Exercise inputs
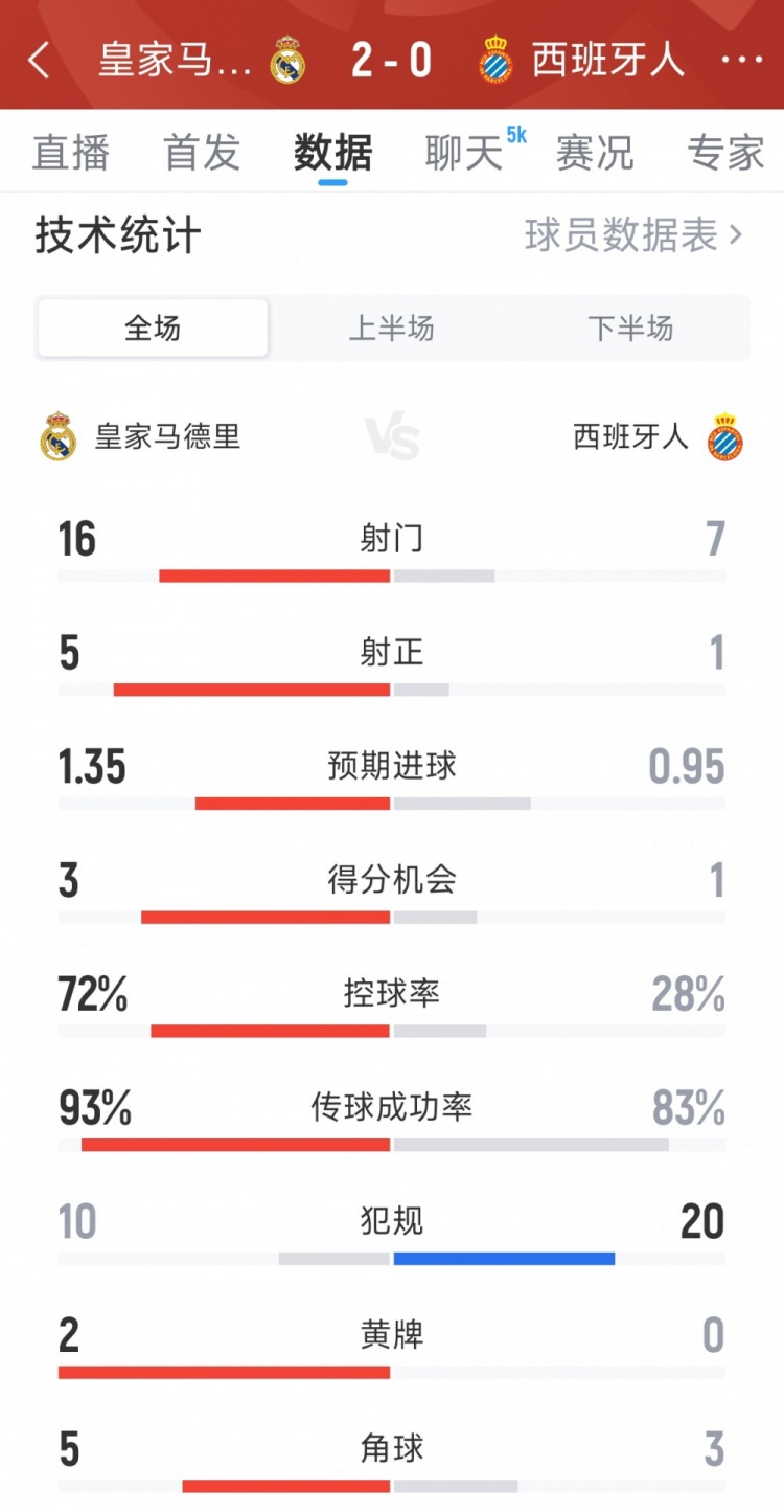9月21日訊 在本輪西甲,皇馬2-0擊敗西班牙人,以下為雙方全場(chǎng)數據對比:
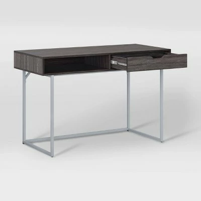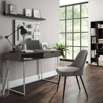 Zoom calls are a breeze when seated at the Auston single drawer desk. Providing a spacious worktop that can fit large monitors, notepads, and many more office essentials. The desk is supported by silver coated steel legs and cable management is found on the desktop to keep wires organized. Finished off with a sleek cubby for quick access, and a closed compartment to hide away unnecessary items, It’s the perfect addition to any office.
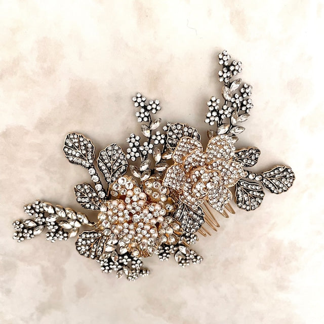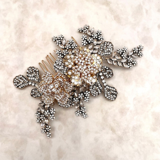 アンティークゴールドとゴールドがミックスされたヘッドアクセサリーです。
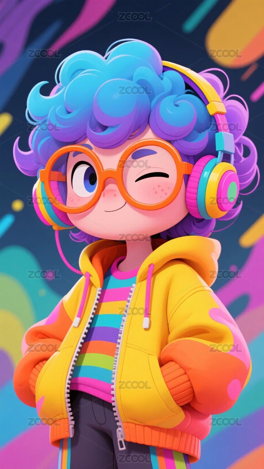 卡通形象,女孩,彩色,上衣,裤子,鞋子,袜子,熊头,微笑,奇趣
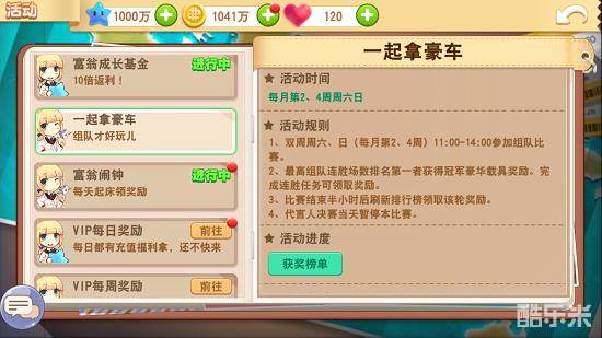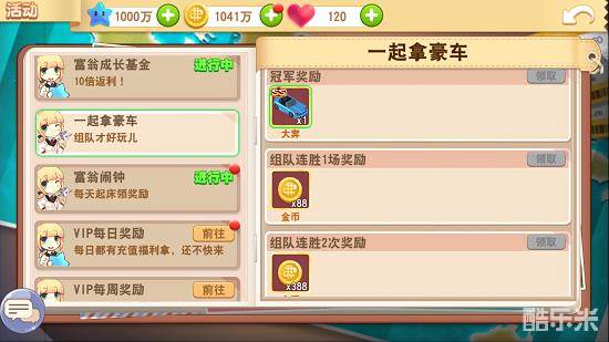 5.一起拿豪车:组队参加比赛,连胜常熟第一可获得冠军豪车。
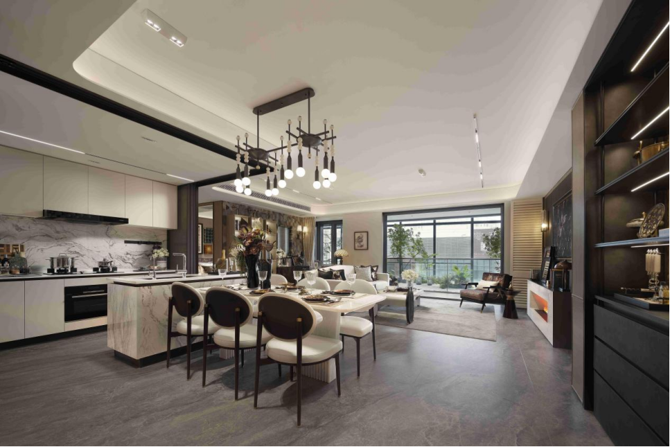 通过人性化的生活领域划界,满足高阶家庭对美好人居的需求。奢阔尺度的生活空间预留,为家庭聚享、生日庆功、亲友欢聚时刻,提供体面的社交场域,也为陪伴家人的场景预留了更多可能性。
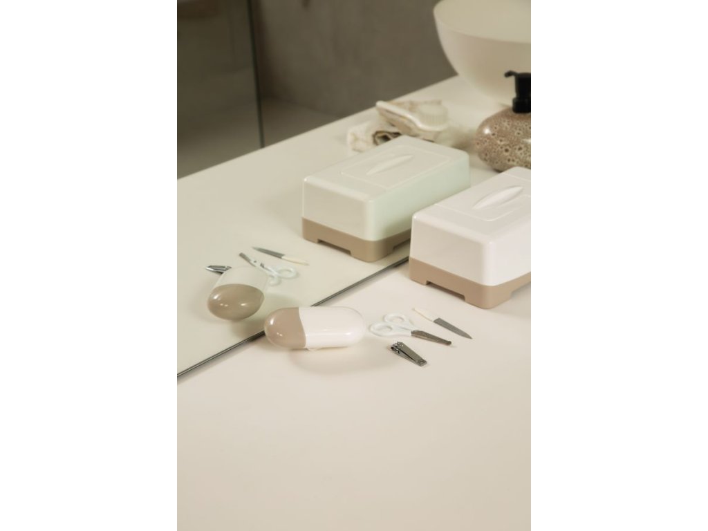• A dobozban fém lekerekített olló, csipesz és reszelő található
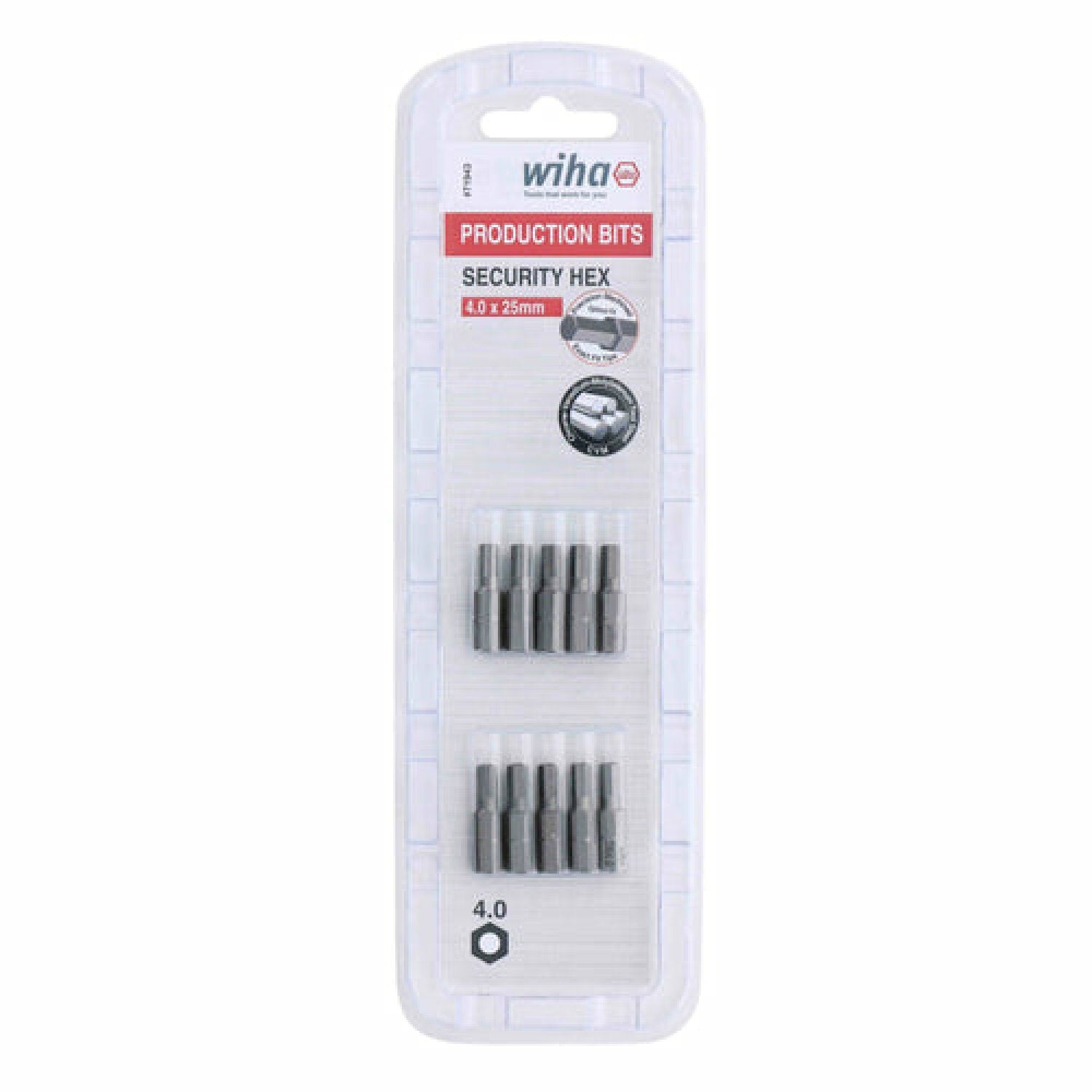 Wiha Tools 71943 Security Hex Insert Bit, 4.0 mm x 25 mm, 10 Pk.
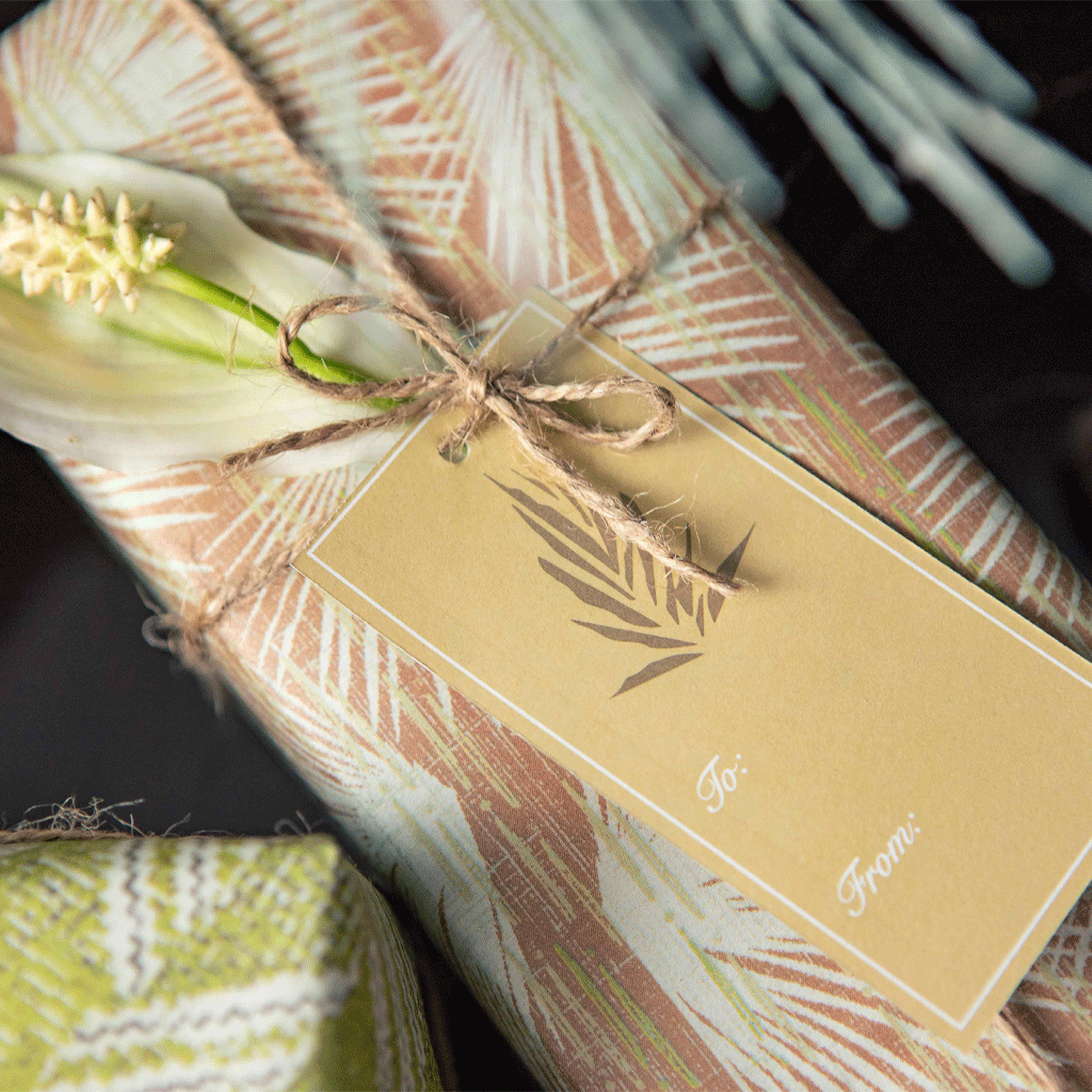 Hanging Gift Tag On a Loulu & Kapa Hou Paper Wrapped Gift
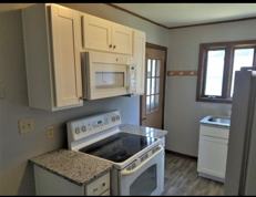 Kitchen with new white cabinets and Granite counter-tops. Stove, refrigerator and microwave included. Dining room and family room downstairs; Two bedrooms upstairs. First bedroom has a large walk-in closet; second bedroom has standard closet. Updated bathroom. Full basement with washer and dryer hook-up. Two-car garage; one space for each tenant
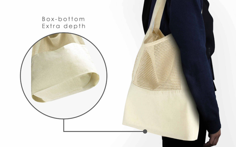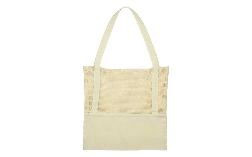 Made with natural cotton mesh and packaged in an eco-friendly paper brown sleeve, this tote bag is both stylish and environmentally friendly. Say goodbye to single-use plastic bags!
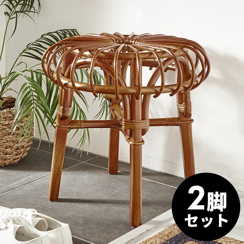 ダイニング リビング いす カフェチェア 寝室 玄関 ディスプレイ スツール ラタンスツール 2脚セット ラタン 籐 椅子 イス 座面高 45cm オットマン デザイン ナチュラル 家具 インテリア 丸椅子 チェア チェアー ラタンチェアー 1人掛け 1P 1人用 コンパクト 腰掛け リゾート 店舗 カフェ おしゃれ 北欧 モダン アジアン [set-91587]
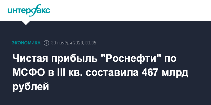 Москва. 30 ноября. INTERFAX.RU - Чистая прибыль "Роснефти" по МСФО в третьем квартале составила 467 млрд руб., сообщила компания.
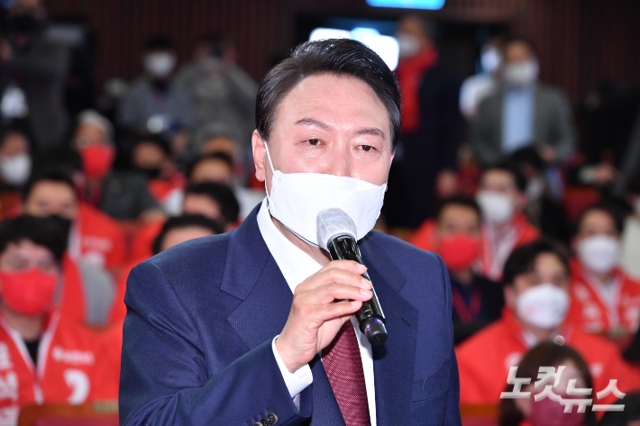 윤석열 대통령 당선인이 10일 새벽 서울 여의도 국회도서관에 마련된 '국민의힘 제 20대 대통령선거 개표상황실'을 찾아 당선소감을 말하고 있다. 윤창원 기자
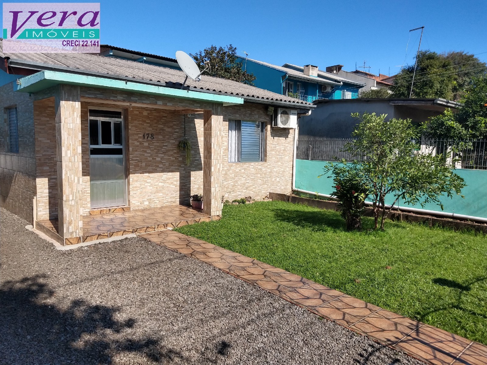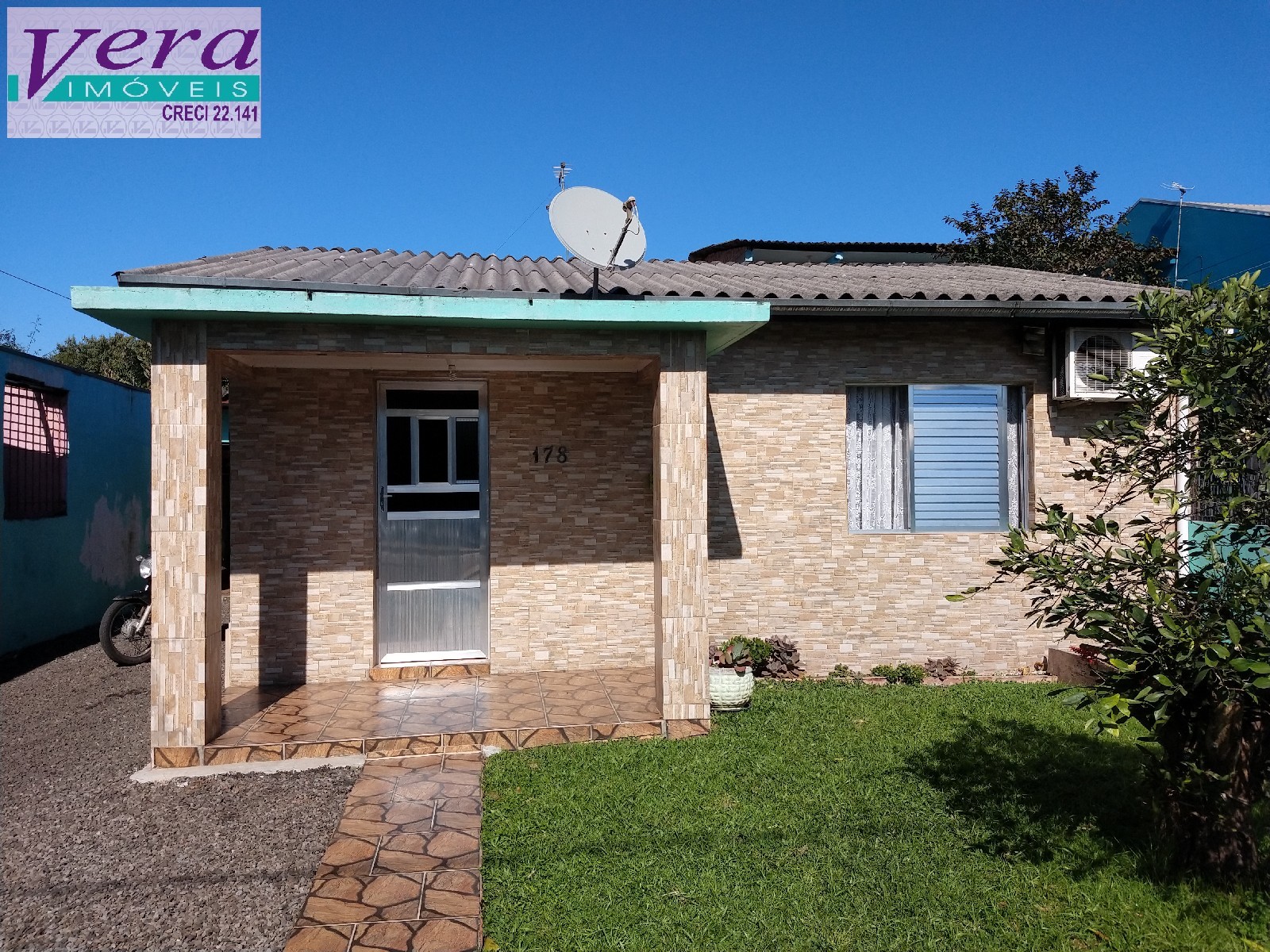 Imóvel de 02 dormitórios, sala de estar, sala de jjantar, banheiro social, área de serviço aos fundos, amplo pátio frontal,
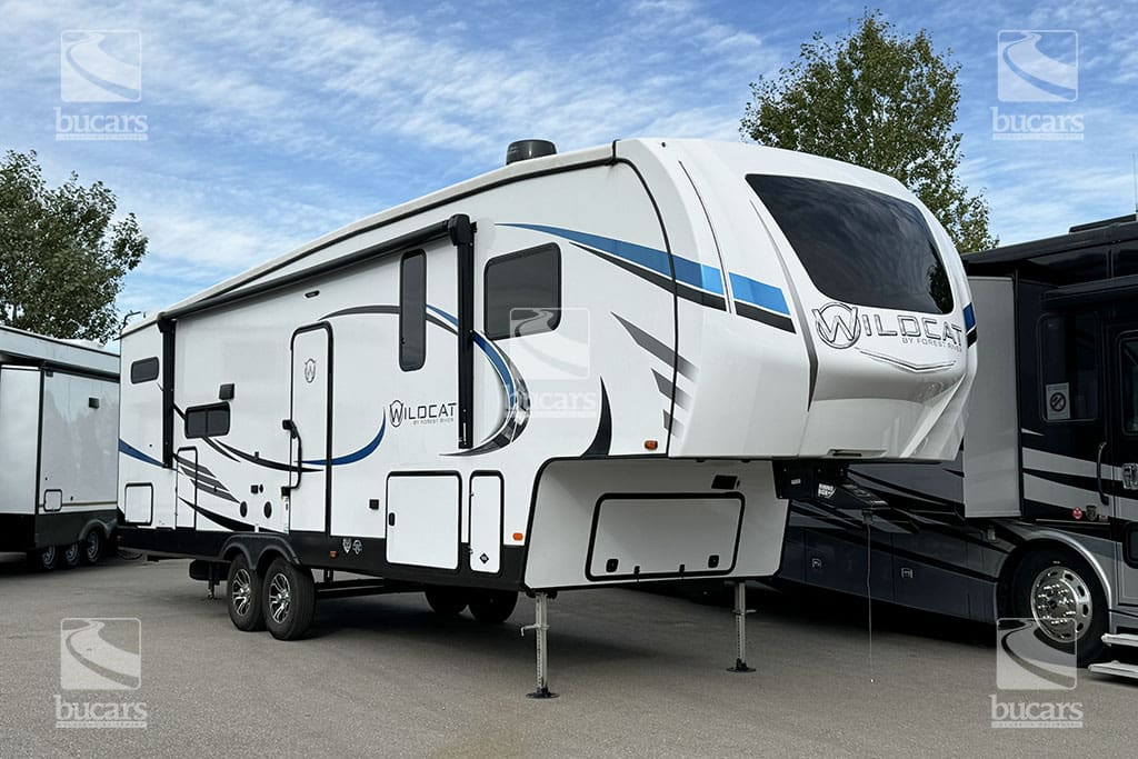 Are you looking for a luxurious and spacious 5th wheel trailer that can comfortably accommodate your entire family and friends during your travels? Look no further than this pre-owned 2021 Forest River Wildcat WCF297BH! This modern and well-appointed fifth wheel trailer is packed with all the features and amenities you need for a comfortable and unforgettable trip. with power stabilizing jacks and automatic leveling, setting up camp has never been easier or more hassle-free. Inside, you’ll be greeted with a host of features designed to make your life on the road as comfortable and convenient as possible. There’s even an exterior fridge and speakers, perfect for outdoor entertaining. When it’s time to turn in for the night, you’ll appreciate the queen bed in the master bedroom, as well as the comfortable bunk beds and fold-out bed that can accommodate up to 10 people. So why wait? Start planning your next adventure in the 2021 Forest River Wildcat WCF297BH 5th wheel trailer today! For additional information on this bright and modern fifth wheel, please call or text our main line at 403-207-1666, or come down and see this pre-owned Wildcat for yourself at our Balzac lot just north of Calgary. For after-hour inquiries, please text us at 403-207-1666.

What you will do
Above are the records. Copy word for word only their lines from the one holding "윤석열 대통령 당선인이" through the one holding "Imóvel de 02", both included, and skip the images.

Answer box
 윤석열 대통령 당선인이 10일 새벽 서울 여의도 국회도서관에 마련된 '국민의힘 제 20대 대통령선거 개표상황실'을 찾아 당선소감을 말하고 있다. 윤창원 기자
 Imóvel de 02 dormitórios, sala de estar, sala de jjantar, banheiro social, área de serviço aos fundos, amplo pátio frontal,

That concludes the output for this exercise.